4

I'm in the process of writing a data checker to review spss files and need to programmatically handle different checks. The first step is to access an spss file, convert it to a pandas dataframe and run my checks from there. The only way I've found to do this is through RPY2. I know very little R unfortunately and can't get either solution below to work. Any help/literature would be much appreciated.

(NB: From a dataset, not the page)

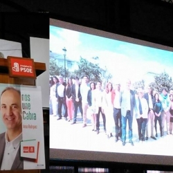 Por su parte, ya en la noche del sábado y en el Salón Carmen, el PSOE convocaba a sus seguidores para presentar la candidatura que encabeza Jesús Rodríguez Alcázar y que cierra la ex ministra de Cultura, Carmen Calvo Poyato. Los candidatos socialistas llevan como lema de campaña "Nos une Cabra".

I've pulled some stuff from other posts and created this:

Using RPY2

from rpy2.robjects import pandas2ri
from rpy2.robjects import r
from pathlib import Path
import pyreadstat
pandas2ri.activate()

w = r('foreign::read.spss("%s", to.data.frame=TRUE)' % filename)
df = pandas2ri.ri2py(w)
df.head()
w.head()

Error:

rpy2.rinterface_lib.embedded.RRuntimeError: Error in foreign::read.spss("path to test.sav",  : 
  error reading system-file header

Using pyreadstat (this gives me the columns, but errors out when I attempt to get the underlying data)

    meta = pyreadstat.read_sav(filename, metadataonly=True)
    cols = [x for x in meta[0]]
    df, meta = pyreadstat.read_sav(filename, usecols=cols)
    print(df)

Error:

pyreadstat._readstat_parser.PyreadstatError: STRING type with value 4/23/19 17:50 with date type

UPDATE:

Using haven now but still getting errors:

rdf = r(f'haven::read_sav("{filename}")')

Error:

ValueError: Invalid value NaN (not a number)

Community
  • 1
  • 1
grigs
  • 1,140
  • 3
  • 15
  • 28
  • For pyreadstat please submit an issue in the github repo WITH an example file. Those formatting errors you are describing are known and just need an example file for the C library to learn how to parse them correctly. – Otto Fajardo Sep 28 '19 at 08:29

4 Answers4

3

I did it using pyreadstat, your second option:

df, metadata = pyreadstat.read_sav("path to file", metadataonly=True)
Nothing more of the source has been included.